# Blastocyst questions



## clucky

Hi Crystal -its so good of you to do this board 

I wonder if you can explain how the stats for Blastocysts work? I am confused by my google research!
If the average pregnancy rate from a day 3 transfer is, say, 35%, and from a blastocyst transfer is, say, 50%, but only 50% of day 3 embies make it to blastocyst in the lab, does this mean that there are some embies which could form a viable pregnancy from a day 3 transfer but would not otherwise survive? So for a 'batch' of embies would we get the best outcome if we always went for day 3 transfer and froze any good day 3 embies for future FET?

Also, we have always had really good day 3 embies to transfer, but on our last cycle we went to blastocyst. We had seven 8-9 cell embies on day 3 but by day 5 we just had 2 blasts - one grade BB, one BC. Does that indicate a problem with our embryo quality?

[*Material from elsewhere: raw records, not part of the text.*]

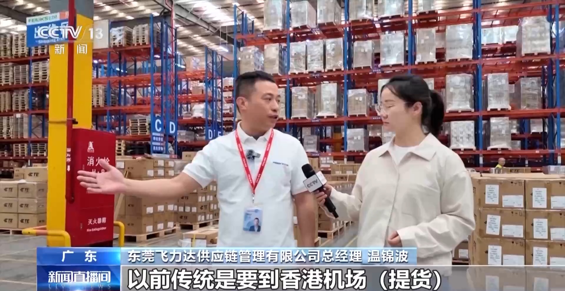 東莞飛力達供應鏈管理有限公司總經(jīng)理 溫錦波:以前傳統(tǒng)是要到香港機場提貨,現(xiàn)在不用拆包、不用申報,直接拉到空港中心,再進行一站式的進口申報。在我們家門口500米,就可以提回來倉庫,非常方便。
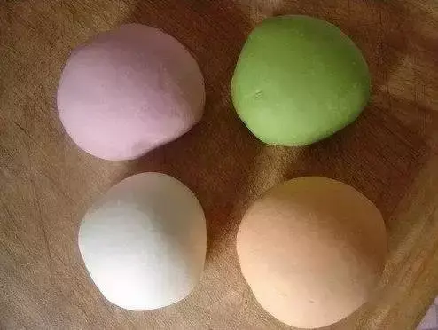 1.首先按照前面所说的方法,准备好几种纯色的面团。
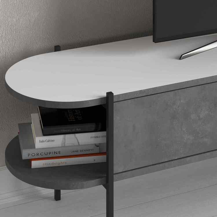 TV Stolek: Loftový styl v retro šedé a bílé kombinaci

thanks so much for your help 
Clucky xx


----------



## CrystalW

clucky said:


> Hi Crystal -its so good of you to do this board
> 
> I wonder if you can explain how the stats for Blastocysts work? I am confused by my google research!
> If the average pregnancy rate from a day 3 transfer is, say, 35%, and from a blastocyst transfer is, say, 50%, but only 50% of day 3 embies make it to blastocyst in the lab, does this mean that there are some embies which could form a viable pregnancy from a day 3 transfer but would not otherwise survive? So for a 'batch' of embies would we get the best outcome if we always went for day 3 transfer and froze any good day 3 embies for future FET?
> 
> Also, we have always had really good day 3 embies to transfer, but on our last cycle we went to blastocyst. We had seven 8-9 cell embies on day 3 but by day 5 we just had 2 blasts - one grade BB, one BC. Does that indicate a problem with our embryo quality?
> 
> thanks so much for your help
> Clucky xx


Hello clucky,

I think 50% of embryos making it to blastocyst is quite elevated - i think your result of 2 blasts from seven embryos is much more what i would expect. BB and BC are nice quality blastocysts and i have seen many pregnancies from this grade of blastocyst.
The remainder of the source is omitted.